Месма

22
18
20
22
24
26
28
30

Влад попробовал подцепить край плиты рукой, но из этого ничего не вышло: плита слишком глубоко и прочно вросла в землю за долгие годы. Тогда он отошёл от могилы и начал блуждать вокруг сектора в поисках какого-нибудь инструмента. Ему повезло — вскоре он наткнулся на брошенный кем-то обломок металлического уголка, подобрал его и вернулся к могиле. С этим орудием дело пошло куда быстрее: после не слишком продолжительной возни ему удалось зацепить плиту и приподнять ее. Подкопав еще немного плиту по всему периметру и действуя уголком, как рычагом, Влад с натугой, но вполне успешно поставил бетонный прямоугольник на торец…

На влажной, годами нетронутой земле он сразу же обнаружил искомое: большая прямоугольная табличка, вырезанная из стального листа, лежала перед ним на утрамбованной земляной поверхности, и на ней очень аккуратно и тщательно была сделана легко читаемая надпись:

«Аватурова Августа Никитична, 1912–1959 годы. Покойся с миром, любовь моя!»

Влад некоторое время пристально глядел на табличку — не было никаких сомнений, кто являлся ее автором. Подержав еще немного на весу тяжелую бетонную плиту, пока в затекших руках не проявилась дрожь, он аккуратно опустил ее на место. И могила снова приобрела вид захоронения Кривошеевой Марии Фёдоровны, женщины, чьи Ф.И.О. абсолютно ничего не говорили Владу.

А впрочем, ему это было совершенно не нужно.

Важно было другое — могила Августы найдена! И можно теперь не сомневаться — среди живых этой женщины-монстра нет. Значит, никакого фатального воздействия на жизнь Гали она оказывать никак не в силах! Если и была между ними некая связь, то это имело место в прошлом, когда Галя была ребенком… А сегодня никакой связи существовать уже не может, ибо Августа давно умерла.

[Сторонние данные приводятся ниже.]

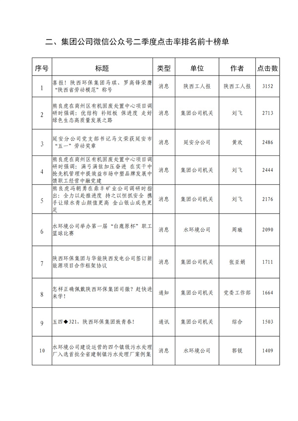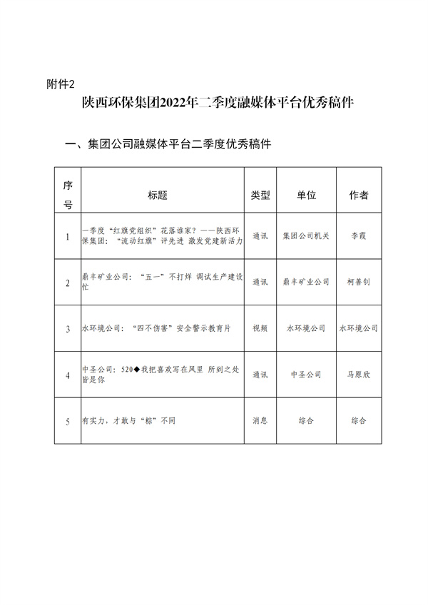 陜西環(huán)保集團2022年二季度融媒體平臺稿件采用及優(yōu)秀稿件評選情況通報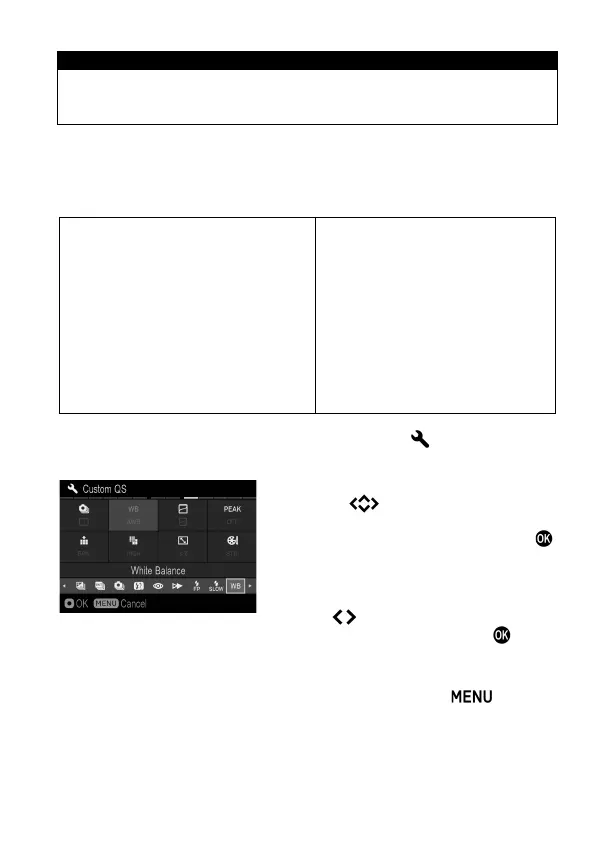 The function of the Quick Set menu can be set from [ Camera Settings]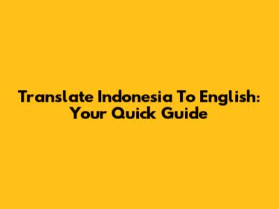 Translate Indonesia To English: Your Quick Guide
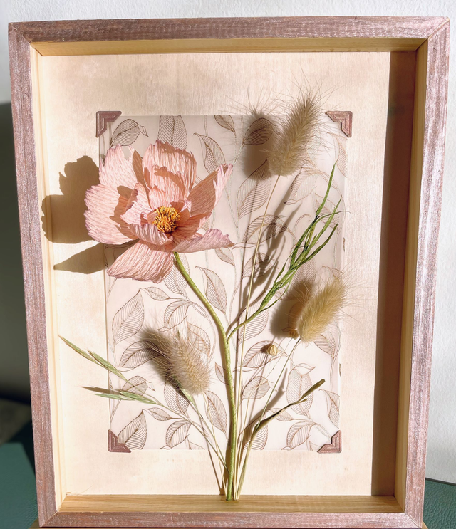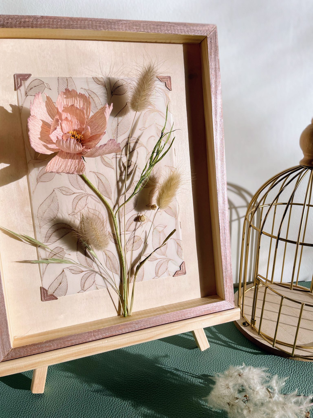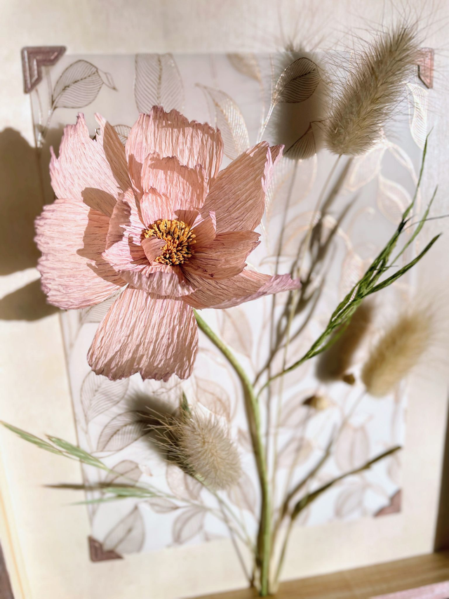 Cadre aérien et épuré mettant en valeur un double Cosmos Oréa façonné à la main. Sur un fond en papier orné de motifs végétaux cuivrés, la fleur se détache en relief accompagnée de quelques fleurs séchées. Les rebords du cadre en bois clair sont délicatement teintés d’un rose cuivré pour apporter douceur et élégance.
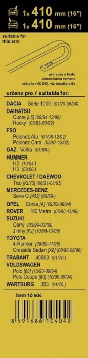 Sada dvou plochých stěračů FLAT (řidič + spolujezdec) se speciálním uchycením. Délky stěračů a systém uchycení na ramínko jsou přizpůsobeny vybraným vozům (viz tabulka použití). Vysoce kvalitní pružný člen plochého stěrače zajišťuje stejnoměrný tlak grafitového břitu v celé jeho délce.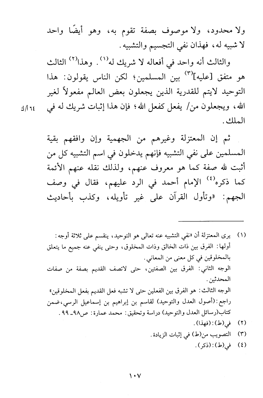 ولا محدود ولا موصوف بصفة تقوم به وهو أيضًا واحد لا شبيه له فهذان نفي التجسيم والتشبيه والثالث أنه واحد في أفعاله لا شريك له وهذا الثالث هو متفق عليه بين المسلمين لكن الناس يقولون هذا التوحيد لايتم للقدرية الذين يجعلون بعض العالم مفعولاً لغير الله ويجعلون من يفعل كفعل الله فإن هذا إثبات شريك له في الملك ثم إن المعتزلة وغيرهم من الجهمية وإن وافقهم بقية المسلمين على نفي التشبيه فإنهم يدخلون في اسم التشبيه كل من أثبت لله صفة كما هو معروف عنهم ولذلك نقله عنهم الأئمة كما ذكره الإمام أحمد في الرد عليهم فقال في وصف الجهم وتأول القرآن على غير تأويله وكذب بأحاديث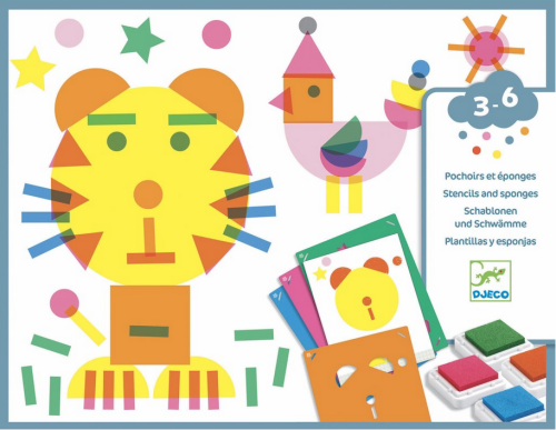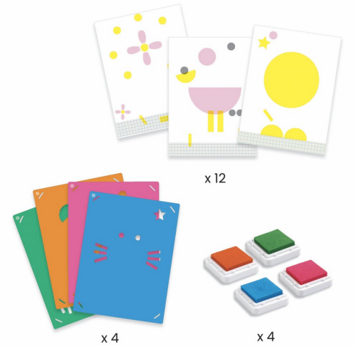 Zábavná razítkovací sada pro děti. Set obsahuje 12 předloh k dotvoření, 12 velkých šablon a 4 inkoustové podušky. Šablona je upevněna díky připraveným úchytům, takže se dětem neposouvá. Inkoustové barvy jsou velmi kvalitní, testované a dají se snadno vyprat a umýt.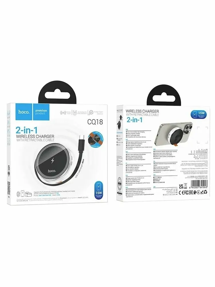 2. **Выход**: Оно подходит для зарядки различных устройств. Для телефонов предусмотрено несколько режимов мощности: 5 Вт, 7,5 Вт, 10 Вт и 15 Вт. Для MagSafe максимальная мощность составляет 7,5 Вт. Для часов, включая iWatch всех моделей (1-9, SE/SE2, Ultra/Ultra2), мощность составляет 2,5 Вт.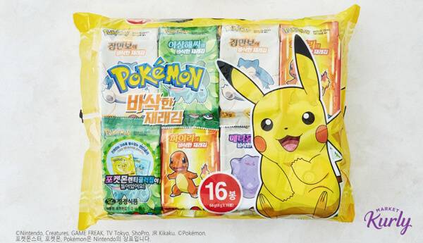리테일 테크 기업 컬리는 33종의 포켓몬스터 스티커가 들어있는 ‘포켓몬 김’을 장보기 앱 마켓컬리에서 판매하고 있다. ‘포켓몬 바삭한 재래김’이라는 이름의 패키지로, 포장지에는 피카츄부터 잠만보까지 9종의 캐릭터가 그려져 있다. 해당 상품에는 보는 각도에 따라 포켓몬들의 진화 과정을 볼 수 있는 3D 입체카드 ‘렌티큘러 칩’도 무작위로 들어있다. 3봉 든 한 패키지의 판매가는 2,200원이다.

Влад почувствовал на душе огромное облегчение — в этот самый момент он впервые осознал глубокий смысл давней поговорки — «будто гора с плеч»!

Он ощущал себя как человек, наконец-то выполнивший тяжкую и невероятно трудную работу. И вот — победа! И сейчас он с искренней благодарностью подумал о Самсонихе… Ведунья и здесь оказалась совершенно права: Августа оставила этот мир именно в 1959 году, как Самсониха и говорила. И надпись с ее именем также изначально существовала — только она оказалась надежно запрятанной, совершенно скрытой от людских глаз, и лишь Самсониха смогла ее «увидеть» каким-то иным, ведомым только ей способом! Что ж, не зря к ней на прием выстраиваются сумасшедшие очереди! Народ знает, к кому следует обращаться за помощью… А ведь он Самсонихе все-таки не верил! Сомневался в каждом ее слове, то и дело перепроверял, и в результате — тратил напрасно свои усилия и терял драгоценное время. И теперь молодому человеку сделалось невыносимо стыдно…

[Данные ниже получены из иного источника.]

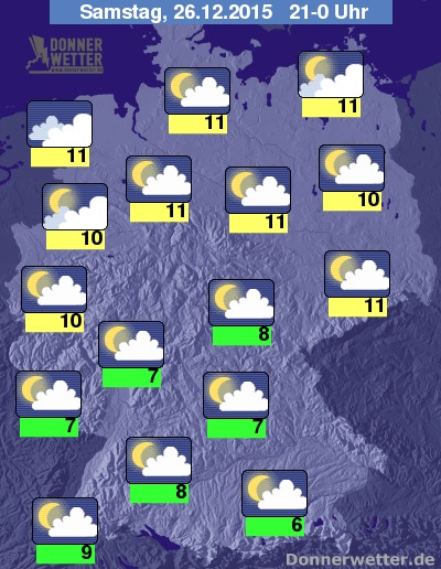 In der Nacht zum Sonntag ist es zunächst verbreitet locker oder auch aufgelockert bewölkt, vor allem im Norden und Westen von Deutschlands zieht sich der Himmel bis zum Morgen oft zu und im Nordseeumfeld kann auch Regen aufkommen, sonst bleibt es aber trocken. Die Temperatur sinkt auf 10 Grad in Hannover und bis etwa 5 Grad in Nürnberg. Im Norden weht teils starker, an der Nordsee auch stürmischer Wind mit möglichen Sturmböen.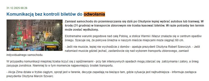 Wszystko zaczęło się w środowy poranek, 31 grudnia. W obliczu paraliżu miasta spowodowanego opadami śniegu, prezydent Olsztyna ogłosił darmową komunikację miejską. Oficjalny profil „Miasto Olsztyn” o godzinie 07:01 opublikował post, w którym czarno na białym stało: „dziś zostawcie auta w domu… bo do odwołania nie będziemy kontrolować biletów”. Informacja błyskawicznie obiegła media, a mieszkańcy odetchnęli z ulgą.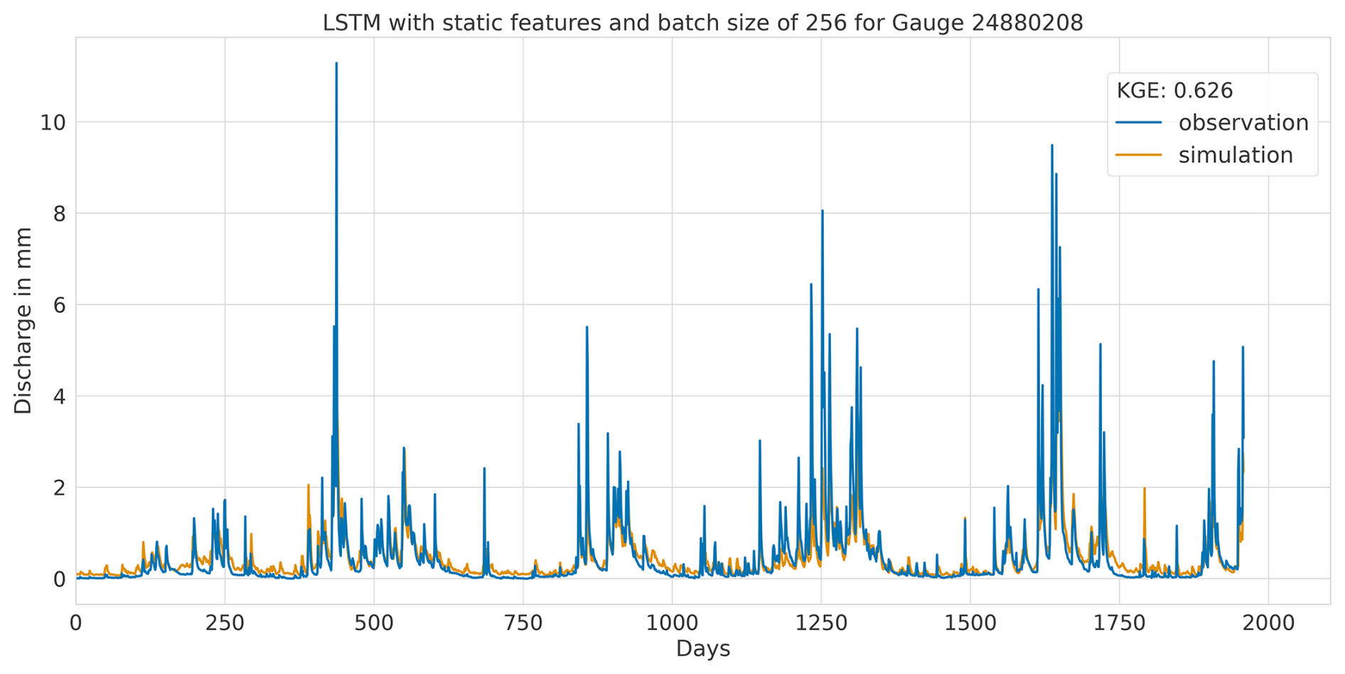 The CNN model with static features and a batch size of 256 showed the highest mean KGE and therefore outperforms LSTM and GRU models slightly.

Выходило, что Прохор Михайлович принимал личное участие в похоронах этой страшной женщины, которую он называл своей богиней, своей любовью… и в смерть которой просто не верил! несчастный старик. Можно себе представить его страдания, когда он писал эту табличку и хоронил свою любовь, никогда его не признававшую, и хоронил под чужим именем. Выходило также, что Августа действительно не погибла во время фашистской бомбёжки и массового расстрела с воздуха; она явно где-то скрывалась и объявилась вновь спустя годы…

Наверняка объявилась тайно, вот и пришлось Вакулину хоронить ее тоже тайно.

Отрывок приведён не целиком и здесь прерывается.